Kahramanmaraş Ak Parti Onikişubat ilçe başkanı Mücahit Kara, Düşman işgalinden kurtuluşun 102. Yıl dönümü nedeniyle yaptığı yazılı açıklamada, bugün modern işgal yöntemleri geliştirtiren Batı’nın İşgal fikirlerinden hiçbir zaman vazgeçmeyeceğini söyledi..
Mazlumun son kalesi olan Anadolu’nun düşme noktasına geldiğinde, Türkü ile Kürdü, Sünnisi ile Alevisi, Çerkezi, Türkmeni ile vatan savunmasında tek vücut olduğunu ifade eden Mücahit Kara, vakti ve yeri geldiğinde karşı durmasını bilen Türk Milletinin, bundan sonrada yapılacak her türlü hayasız işgale karşı duracağını söyledi.
Kara’nın açıklaması şöyle:
“Destansı İstiklal
Harbimizin Sütçü İmam ile ilk kurşununun atıldığı, Rıdvan Hoca ile İslamî
bilincin ruhlarda bayraklaştığı, Şeyh Ali Sezai Efendi ile ulvî bir hal aldığı,
Arslan Bey ile çelikten bir direnç ile destanlar yazıldığı gündür 12 Şubat. Tam
bir asır öncedir…
Mazlumun son kalesi
Anadolu düşme noktasındadır. Elinden silahı alınmış, askeri terhis edilmiştir.

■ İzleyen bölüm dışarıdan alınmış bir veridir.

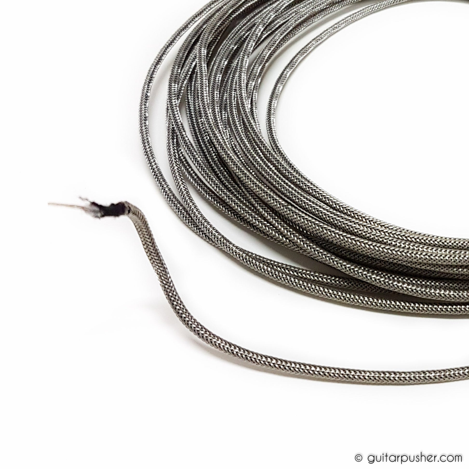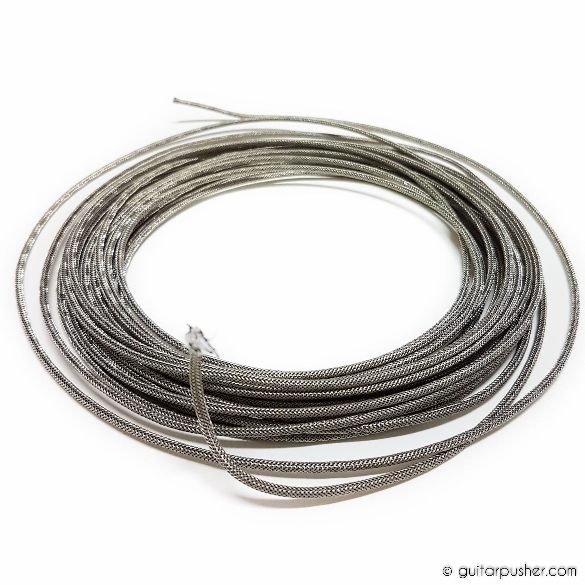 Guitar Wire- Gavitt Single-Conductor Braided Shield wire,just like the kind used on Gibson guitars. #22 AWG 7/30 tinned soft copper cotton braided push back wire with an overall #34 AWG (2 end) tinned copper braid shield.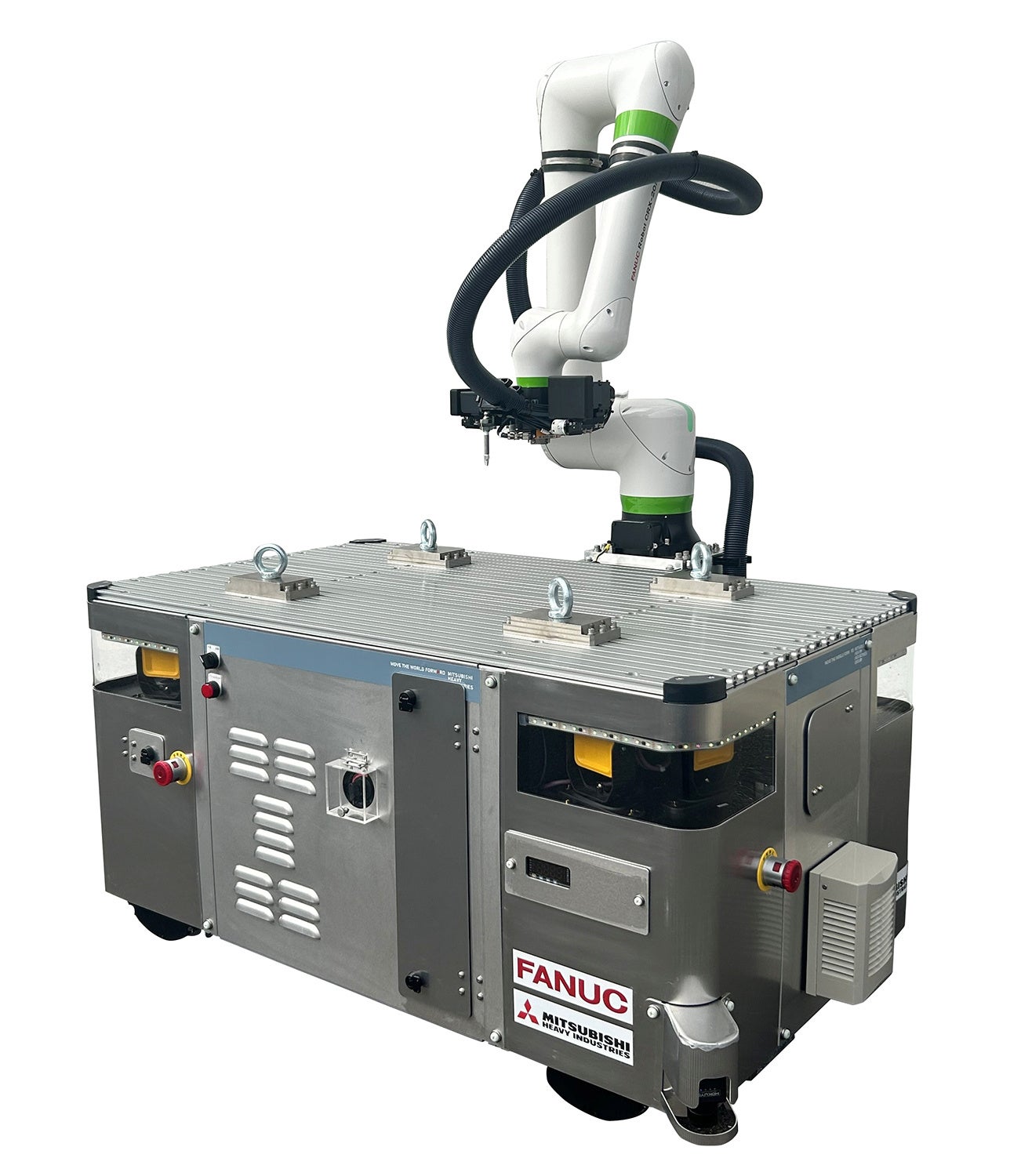 三菱重工グループの製造現場において、スループット向上、リードタイム短縮、省人化を推進する自律移動式ロボットシステム(FCR-PF: Flexible Collaborative Robot-Plat Form)を開発・実用化した。既存の生産エリアで作業者と一緒に作業ができる協働ロボットシステムは、ソフトウエア駆動型で、アプリケーションをインストールし先端のハンドを交換すれば対応できるタスクを容易に増やすことが可能である。また、一つの作業だけでなく様々な作業ができる“多能工”という特徴も有している。更に、複数台のロボット連携によって難しいタスクを遂行することもでき、個別に導入したロボットを状況に応じて組合せて運用することも可能となっている。過酷な現場環境においても運用可能なスペックとして開発を完了し、既にグループ内の製造現場で運用を開始しており、危険作業や単純繰返し作業からの作業者解放、高付加価値作業へのシフト、熟練技能のロボット化/機械化に寄与している。今後も、設備稼働率や投資効果を向上できる自律移動式多能工協働ロボットシステムによって、スループット向上、リードタイム短縮のための自動化拡大が期待できる。

Cepheden evine dönen Mehmetçik evininde işgal edilmiş olduğunu görmenin hüznünü
yaşamıştır. Ümmetin evlatları için zor bir sınavdır bu. Eli kanlı işgal
kuvvetleri bu durumu fırsat bilip zulmünü her geçen gün daha bir artırırken
ümmetin evlatlarının da sabır taşı patlama noktasındadır.
Ve bayrak olayı sabır
bardağının taştığı gündür. Bu topraklarda yaşayan her bir fert; Türkü ile
Kürdü, Sünnisi ile Alevisi, Çerkezi, Türkmeni ile vatan savunmasının bir ferdi
olmuştur. Bu hayasız işgale karşı bir ve birlik olanlar İngilizini, Fransızını
ve işbirlikçileri Ermenileri elbirliği ile kovmuştur bu topraklardan.
Bugün bile hâlâ,
şehit kanlarıyla sulanmış aziz vatan topraklarını işgal fikrinden vazgeçmeyen
batıyı iyi bilmek ve tanımak gerekir. İşgal fikirlerinden hiçbir zaman
vazgeçmemiş olan Batı bugün modern işgal yöntemleri geliştirmiştir.
Bu farklı yöntemleri
iyi tahlil etmek gerekir. Vakti ve yeri geldiğinde karşı durmasını bilmek
gerekir. Fert fert her bir gencimiz yeri geldiğinde ya bir Arslan Bey, ya bir
Ali Sezai Efendi, ya bir Senem Ayşe, ya da Çuhadar Ali gibi
destanlaşabilmelidir.
Bu bilinç her bir
ferdimizde vardır ve tarih boyunca da var olacaktır. İstiklalimizin sene-i
devriyesini idrak ettiğimiz şu günlerin vesilesi ile cümle şehit ve
gazilerimizin aziz hatırasını minnet ve hasretle yâd ediyor ruhlarına Fatihâlar
gönderiyorum.
Mekanları cennet
olsun…”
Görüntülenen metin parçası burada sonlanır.